“The whole experience makes me want to pull aside politicians and business leaders and maybe everyone else and offer some pious advice: Don’t try to be everyman. Don’t pretend you’re a member of every community you visit. Don’t try to be citizens of some artificial globalized community. Go deeper into your own tradition. Call more upon the geography of your own past. Be distinct and credible. People will come.”
—David Brooks on The Power of the Particular
Good advice for artists, designers, creators, politicians, entrepreneurs, and pretty much all humans.
David Brooks has a nice piece in The New York Times on two ways to live life. The first is from an essay Clayton Christensen wrote for the Harvard Business Review:
Christensen advised the students to invest a lot of time when they are young in finding a clear purpose for their lives. “When I was a Rhodes scholar,” he recalls, “I was in a very demanding academic program, trying to cram an extra year’s worth of work into my time at Oxford. I decided to spend an hour every night reading, thinking, and praying about why God put me on this earth.
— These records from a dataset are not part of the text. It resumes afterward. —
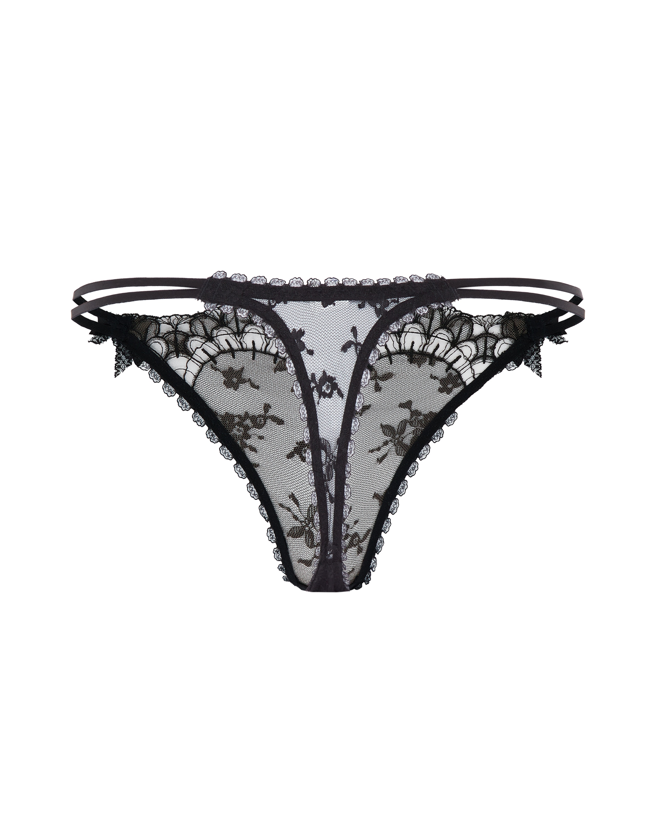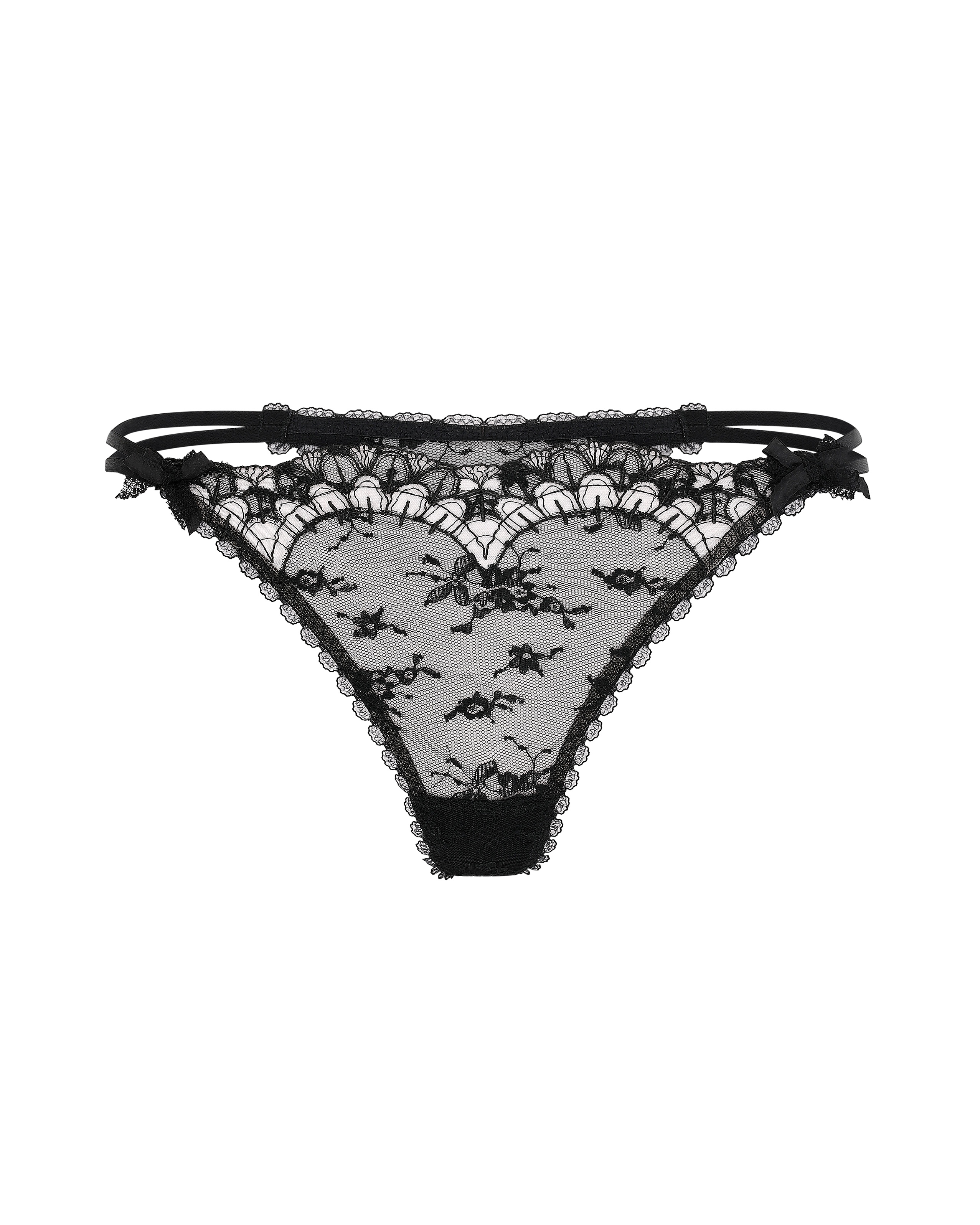 Черные трусы стринги Floria украшены швейцарской вышивкой с ажурными краями и эластичными сатиновыми боковыми вставками. Кружевной бантик и изящная отделка по краям завершают образ. Носите их с остальными изделиями коллекции Floria.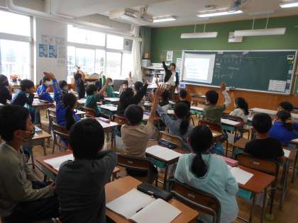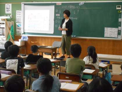 「分数」の学習をしています。「ここでは」1より大きい数も分数で表すことができることを学習しています。ちょうど教室では、8/4mは2mのこと。児童の発見がありました。今日学んでほしいことから発展していました。こうして児童が主役の授業では、どんどんこのあとの課題がつながっていきます。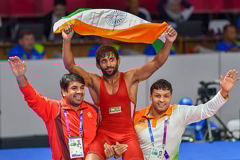 Bajrang Punia carries the Tricolour after winning in the final of men's freestyle wrestling (65kg) against Japan's Daichi Takatani at the Asian Games 2018 in Jakarta on August 19, 2018. PTI Photo/Shahbaz Khan

Essentially, Christensen proposes applying business planning techniques to life, developing strict plans and purposes. I think I tend to do this, often subconsciously, thought the older I get the more I realize the truths behind a summoned life:
This mode of thinking starts from an entirely different perspective. Life isn’t a project to be completed; it is an unknowable landscape to be explored. A 24-year-old can’t sit down and define the purpose of life in the manner of a school exercise because she is not yet deep enough into the landscape to know herself or her purpose. That young person — or any person — can’t see into the future to know what wars, loves, diseases and chances may loom. She may know concepts, like parenthood or old age, but she doesn’t really understand their meanings until she is engaged in them.
Like Brooks, I think a healthy balance of both of these are good. Plans are important, but being open to exploring outside those plans are equally fulfilling.